TASK GOAL:
All that is needed is the run of lines from the top of the entries to the line with "Triple galop, planche", that line included, repeated exactly and free of pictures.

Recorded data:
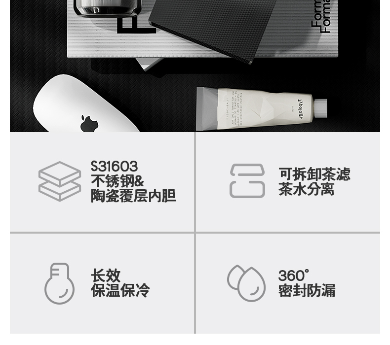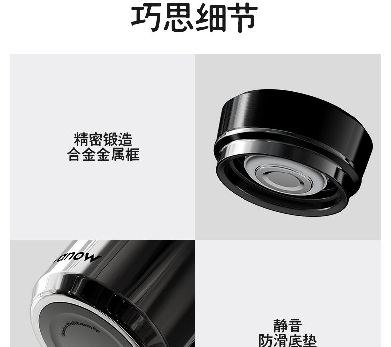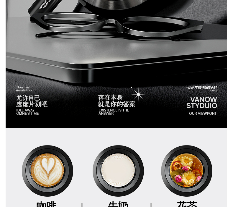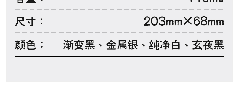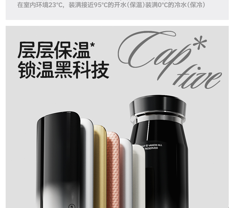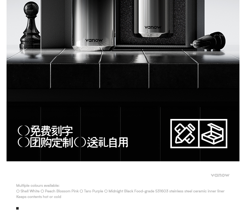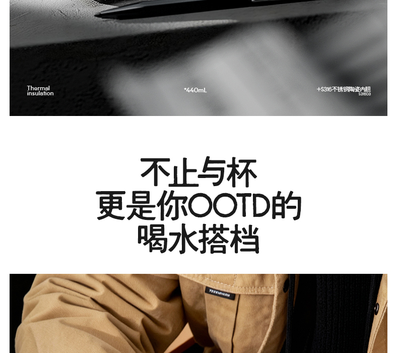 型號:VO-JZ44JBW-C 顏色:漸變黑, 純凈白, 金屬銀, 玄夜黑 容量:440ml 尺寸:203*68mm 材質(zhì):316不銹鋼陶瓷覆層內(nèi)膽覆層,聚丙烯pp
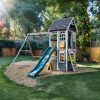 Storybook Playhouse Outdoor Playset – Tower, Wave Slide & Swings
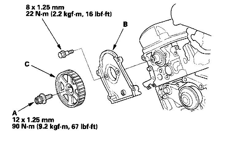 11. Apply new engine oil to the threads of the camshaft pulley mounting bolt (A). Install the back cover (B), then install the camshaft pulley (C).
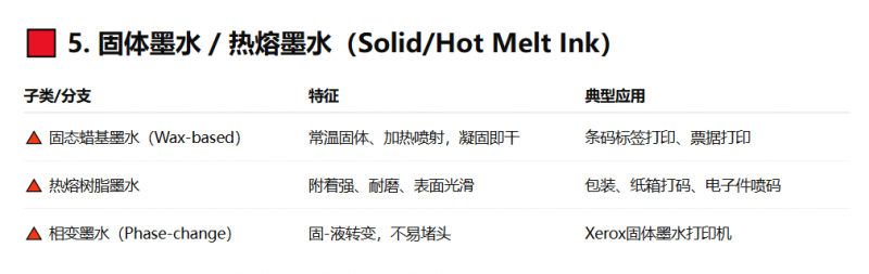 定義:常溫為固態(tài),打印時需加熱成液態(tài)再噴射,冷卻后快速固化。清潔環(huán)保,如Xerox固體墨水。
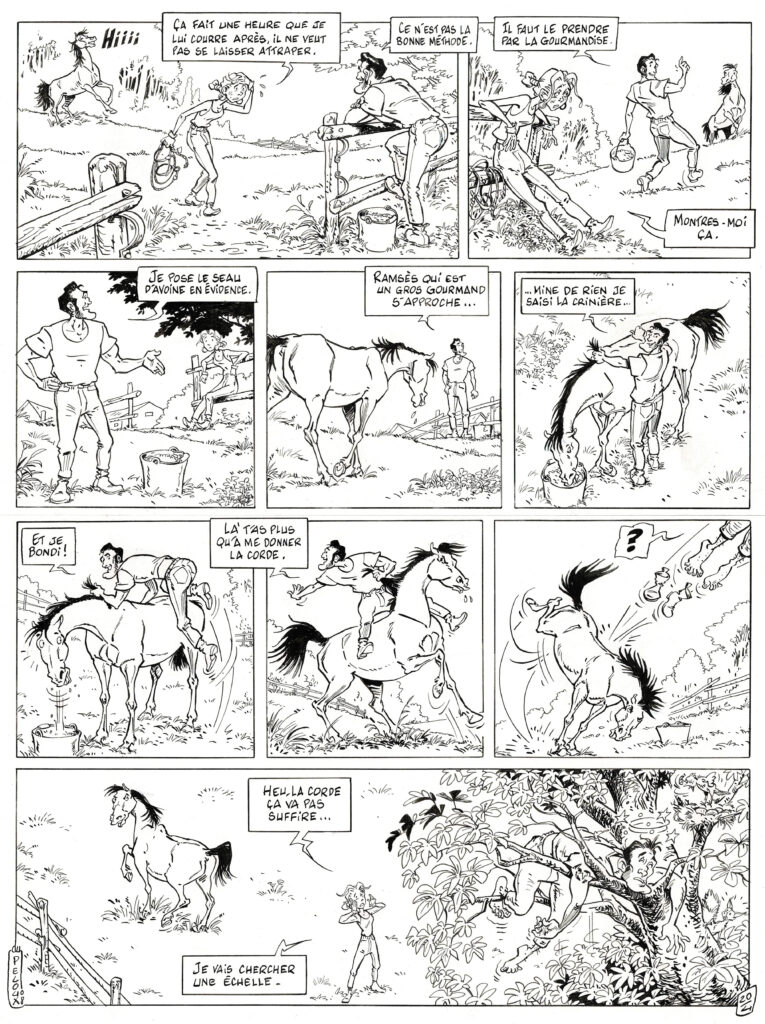 Triple galop, planche originale à l’encre de chine. Dimensions : 44,5 cm x 32,5 cm.
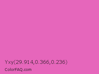 Yxy 29.914,0.366,0.236 Color is a light magenta color and the nearest color is Hot Pink #ff69b4. Hex code #e666bb and RGB value is rgb(230,102,187). In RGB color space, this color is composed of 90% red, 40% green, 73% blue, In CMYK color space, this color is composed of 0% cyan, 56% magenta, 19% yellow , 10% black , In HSL color space, this color has a hue angle of 320° , 72% saturation and 65% lightness.
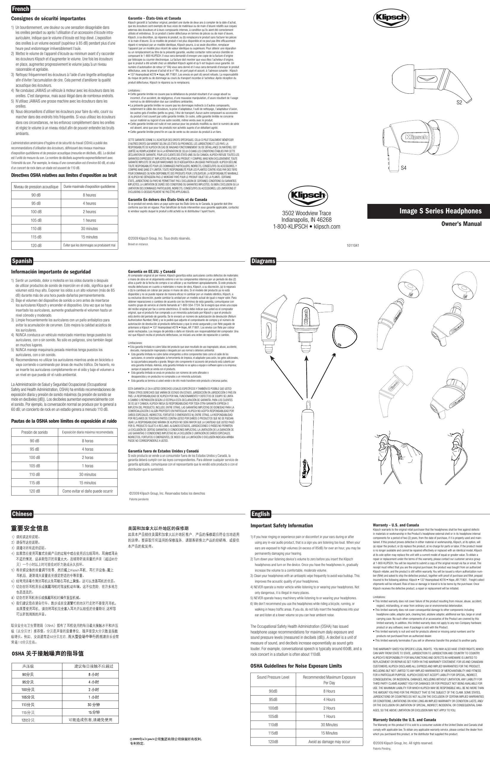 Garantie En dehors des États-Unis et du Canada Si ce produit est vendu dans un pays autre que les États-Unis ou le Canada, la garantie doit être conforme aux lois en vigueur. Pour bénéficier de toute intervention sous garantie applicable, contactez le vendeur auprès duquel le produit a été acheté ou le distributeur l’ayant fourni. Image S Series Headphones 3502 Woodview Trace Indianapolis, IN 46268 1-800-KLIPSCH • klipsch.com Owner's Manual ©2009 Klipsch Group, Inc. Tous droits réservés. Brevet en instance. Spanish
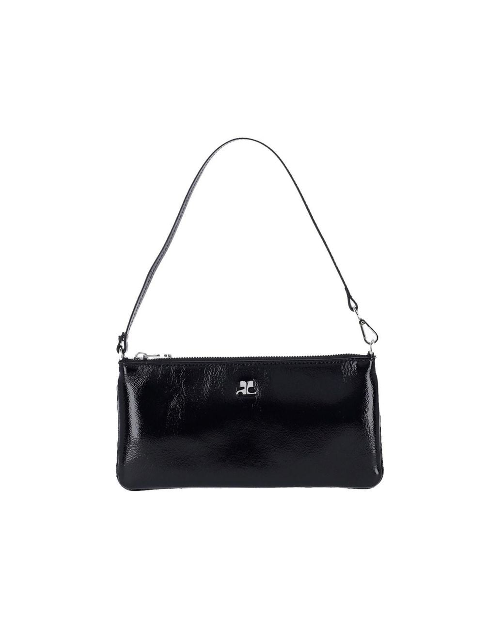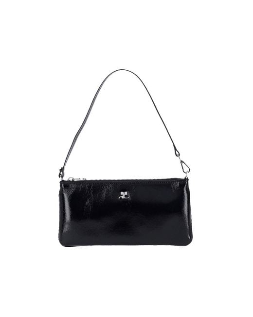 Courrèges logo pouch in black calf leather, adjustable top handle, top zip closure, silver metal logo on the front, single inner compartment. - Handle drop: 45 cm Colour: white
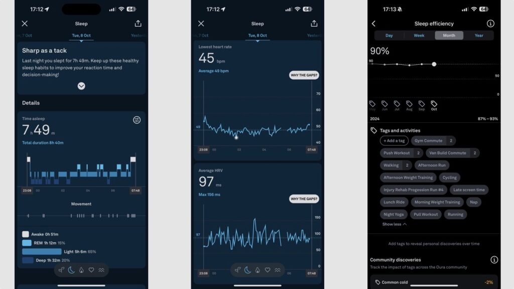 Even the best sleep trackers (such as Oura) can only manage around 80% accuracy compared to medical-grade sleeping equipment’s assessments of sleep stages, so take all this data with a pinch of salt.
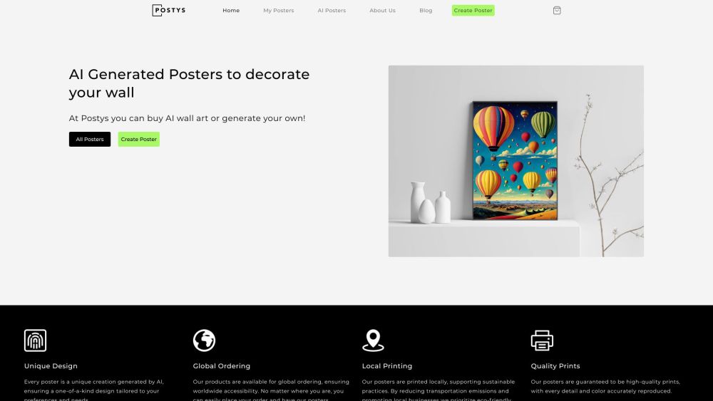 A web-based service, Postys, provides specially designed AI-created posters for home or workplace decoration.
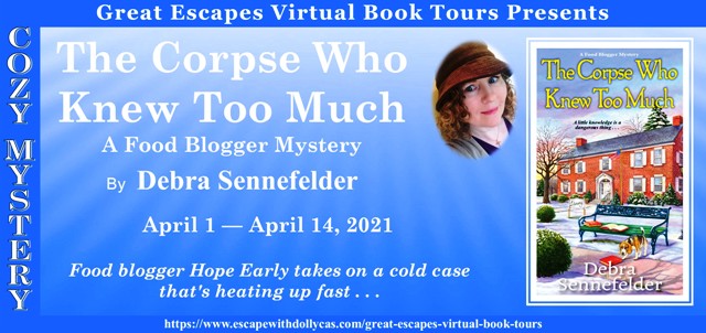 Thank you for answering my questions, Debra, and good with The Corpse Who Knew Too Much, the latest book in the Food Blogger mystery series.
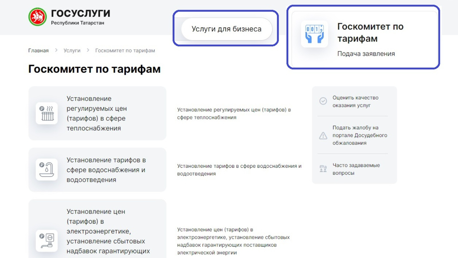 Госкомитет РТ по тарифам оказывает 13 государственных услуг в сфере тарифного регулирования.
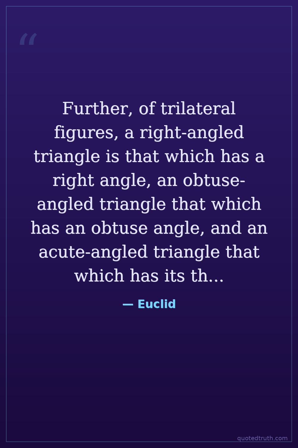 Further, of trilateral figures, a right-angled triangle is that which has a right angle, an obtuse-angled triangle that which has an obtuse angle, and an acute-angled triangle that which has its three angles acute.
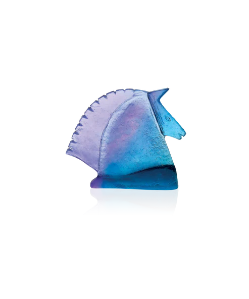 Cette sculpture Daum, réalisée en collaboration avec l’artiste Carlos Mara et évoquant la puissance et la grâce de l’esprit équestre, s’inspire des mouvements naturels et des formes majestueuses de l’animal. Façonnée avec soin en pâte de verre bleue et violette, technique séculaire maîtrisée par Daum, qui confère à l’œuvre une texture riche et une expression saisissante. Chaque courbe, chaque détail, est une célébration de cette technique séculaire de Daum. Cette sculpture, par sa présence magnétique et son mouvement éternel, invite à la contemplation et enrichit l’espace dans lequel elle se trouve avec une beauté et une élégance indéniables. Création unique de la prestigieuse cristallerie Daum. Édition limitée à 500 exemplaires.
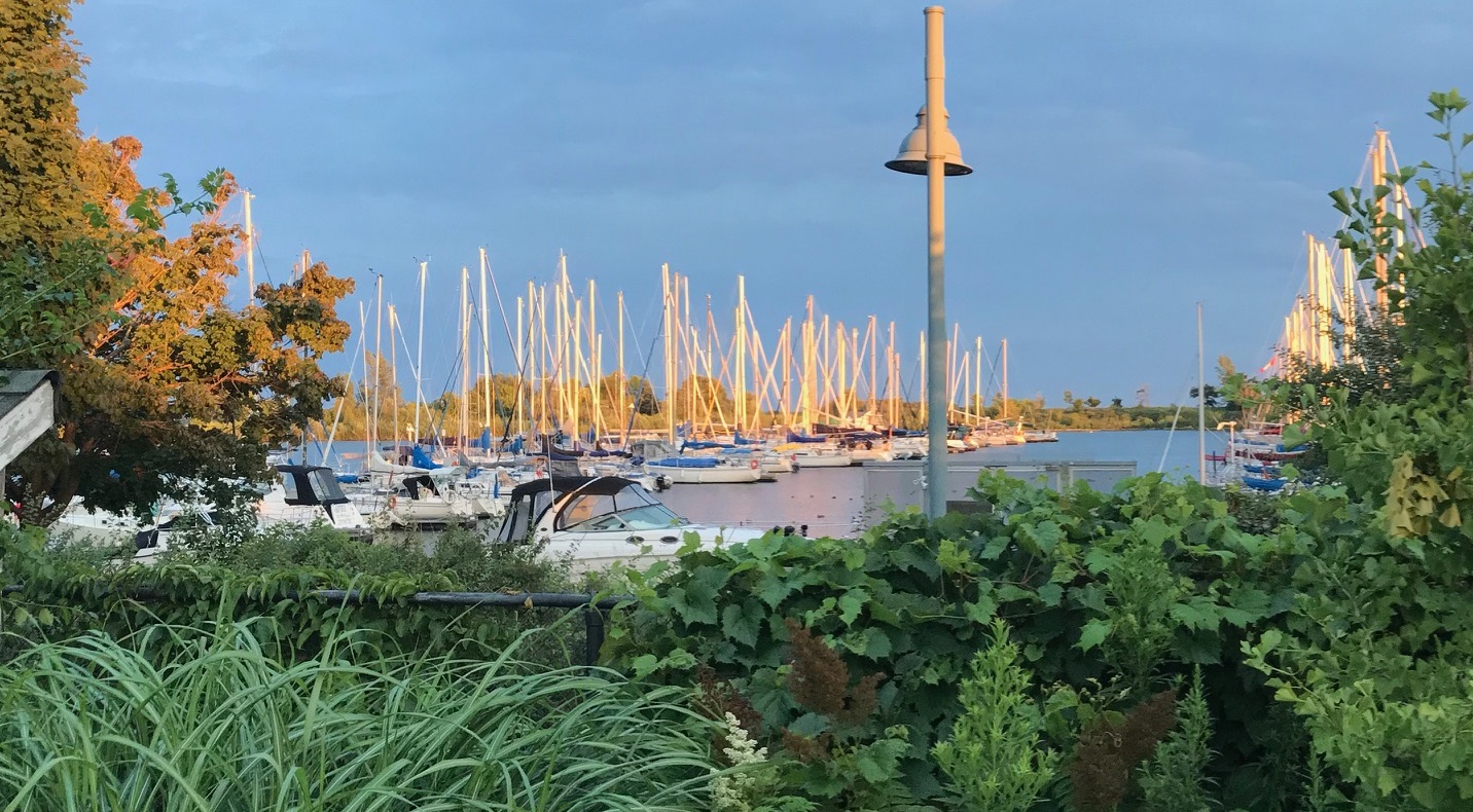 As soon as we got in, the clouds cleared, wind died, and sunset threw some nice rays on the masts at the club as we enjoyed our burgers.

RESULT:
 型號:VO-JZ44JBW-C 顏色:漸變黑, 純凈白, 金屬銀, 玄夜黑 容量:440ml 尺寸:203*68mm 材質(zhì):316不銹鋼陶瓷覆層內(nèi)膽覆層,聚丙烯pp
 Storybook Playhouse Outdoor Playset – Tower, Wave Slide & Swings
 11. Apply new engine oil to the threads of the camshaft pulley mounting bolt (A). Install the back cover (B), then install the camshaft pulley (C).
 定義:常溫為固態(tài),打印時需加熱成液態(tài)再噴射,冷卻后快速固化。清潔環(huán)保,如Xerox固體墨水。
 Triple galop, planche originale à l’encre de chine. Dimensions : 44,5 cm x 32,5 cm.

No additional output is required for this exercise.